Now, given our example definition, above, let's see how we can get the
offset of 'z' in a C program without using the offsetof() macro:
#include <stdio.h>
#include <stddef.h>
struct xyz { int x; int y; int z; };
int main(void)
{
struct xyz x_y_z = { 0 };
struct xyz *xyz_ptr = &x_y_z;
int *ip = &x_y_z.z;
ptrdiff_t diff = (char *)ip - (char *)xyz_ptr;
printf("%d\n", (int)diff);
return 0;
}
This is all perfectly valid, legal C code. You can cast any valid
pointer to any type of object to a pointer to char, and it will point
to the same address in memory as the lowest addressed byte of the
object. You can subtract two pointers of the same type, as long as
they both point within the same object. The result of the valid
subtraction between two pointers of the same type is the signed
integer type ptrdif_t, defined in <stddef.h>. Note that the
offsetof() macro is defined as yielding a type size_t, not ptrdif_t,
but that's a simple cast.
But to do this, we used an actual struct xyz object. What if we want
to do this without having one handy?
So let's try another version of the program which works with a pointer
to a struct xyz:
#include <stdio.h>
#include <stddef.h>
struct xyz { int x; int y; int z; };
size_t my_offsetof(struct xyz *xyz_ptr)
{
size_t result =
(size_t)((char *)&xyz_ptr->z - (char *)xyz_ptr);
return result;
}
int main(void)
{
struct xyz x_y_z = { 0 };
printf("%d\n", (int)my_offsetof(&x_y_z));
return 0;
}
This produces the same result, which happens to be 8 on the particular
compiler that I am using.

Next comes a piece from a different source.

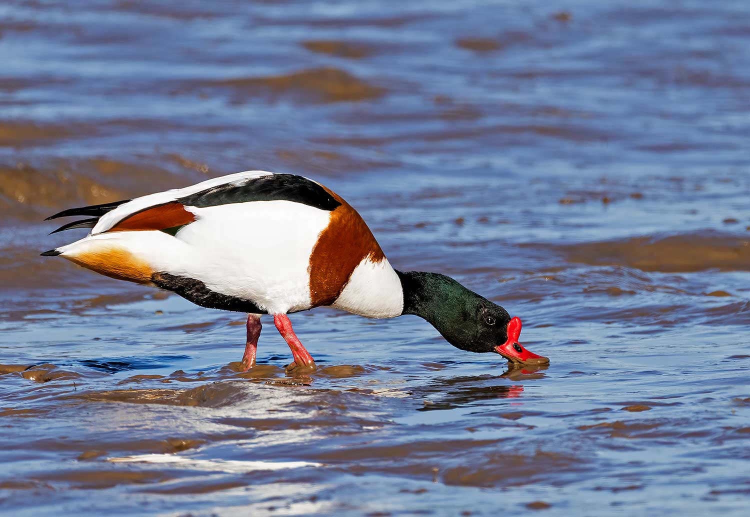 but nothing at all at Holkham so, once again, I retraced my steps and called in at Brancaster Staithe harbour. By this time the tide had ebbed so there was some mud showing and a couple of drake Shelduck showed well in the sunlight.

But note that even though the function
my_offsetof() does not define and create a struct xyz object, the
caller must have one handy to provide a pointer to the function.

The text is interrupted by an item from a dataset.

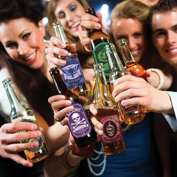 - SIZE: 3.5” x 2.25” Perfect for Halloween, Voodoo, and Gothic Decor – Designed to transform plain jars and bottles into realistic potion containers, these creepy poison labels are ideal for witch-themed parties, haunted houses, gothic home décor, and DIY Halloween displays.

If we want to do this without having a struct xyz object anywhere, we
could be tempted to change this line in main() from:
printf("%d\n", (int)my_offsetof(&x_y_z));
....to:
printf("%d\n", (int)my_offsetof(0));
....and on many compilers this will work just fine, and perhaps on some
few it will crash the program or produce unpredictable results. That
is because passing 0 or the macro NULL causes my_offsetof() to be
called with a null pointer. And the highlighted subexpression:
(size_t)((char *)&xyz_ptr->z - (char *)xyz_ptr);
^^^^^^^^^^
....dereferences that null pointer, although in actuality the compiler
does not need to dereference the pointer, since the value of
xyz_ptr->z is not used.
So on implementations where the compiler writer knows that his
compiler will not generate code to dereference the pointer, he can
define offsetof(s,m) like this:
#define offset(s, m) ((size_t)&((s *)0)->m)
....or something similar.
This code is not legal for you to write, but the implementer is not
constrained by the rules that apply to legal programs. The
implementer is allowed to bend or break the rules in standard library
functions and macros, so long as they deliver the proper results.
On the other hand, there are some compilers that do it differently. I
have seen definitions that look like this:
#define offset(s, m) __builtin_offset__(s, m)

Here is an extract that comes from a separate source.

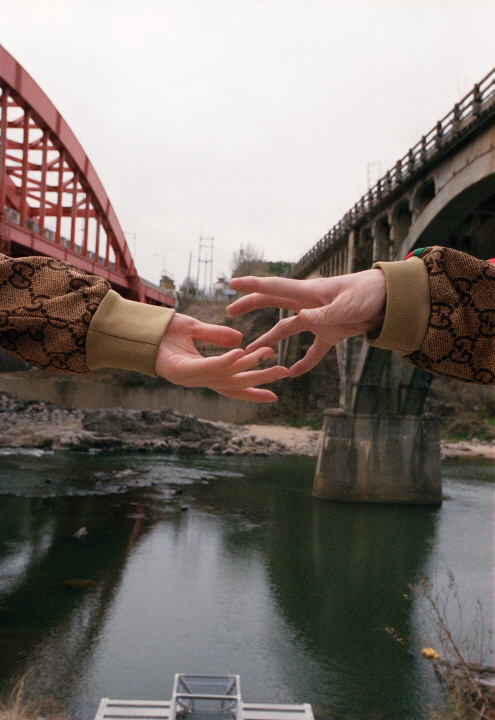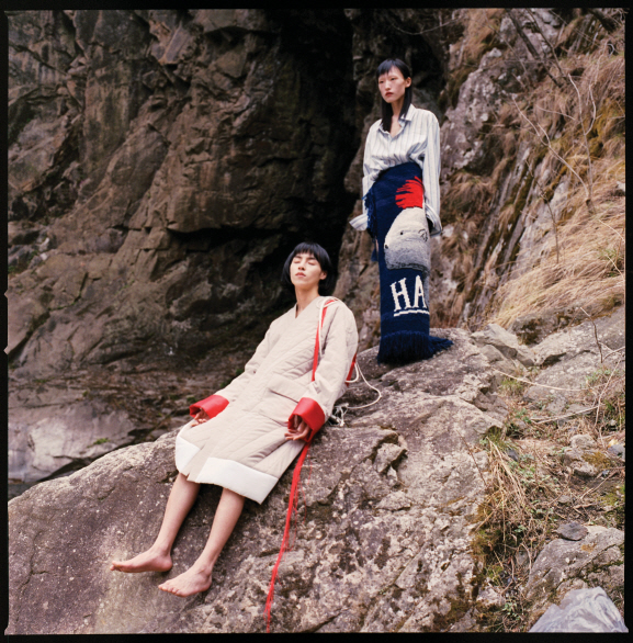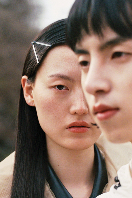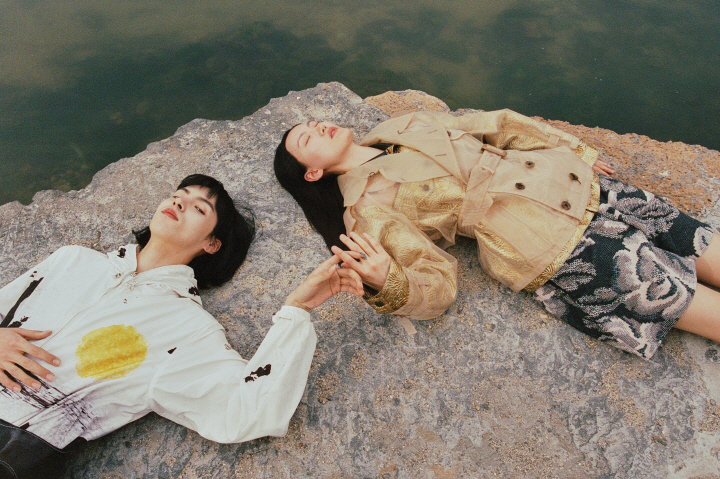 남자 모델이 입은 퀼팅 재킷은 키준(Kijun), 여자 모델이 입은 스트라이프 셔츠와 실로 짠 스커트는 키준(Kijun).

....that cause the compiler to look up the results in its symbol table
directly without going through the clumsy and technically undefined
operation on a null pointer.
The point is that there is a well-defined and perfectly legal sequence
that works properly on all compilers to get this information if there
is an object of the structure type available, but there is no legal,
defined method to get it without such an object. If there were, there
would have been no need for the language standard to require that the
implementation provides the macro.
So the point is, use the macro instead of trying to do the
calculations yourself. Even if you have an object of the type around,
the expression:
offsetof(struct xyz, z)
....is much more readable in your source code than:
(char *)&x_y_z->z - (char *)&x_y_z
....and the name of the macro makes the reason for its use
self-documenting.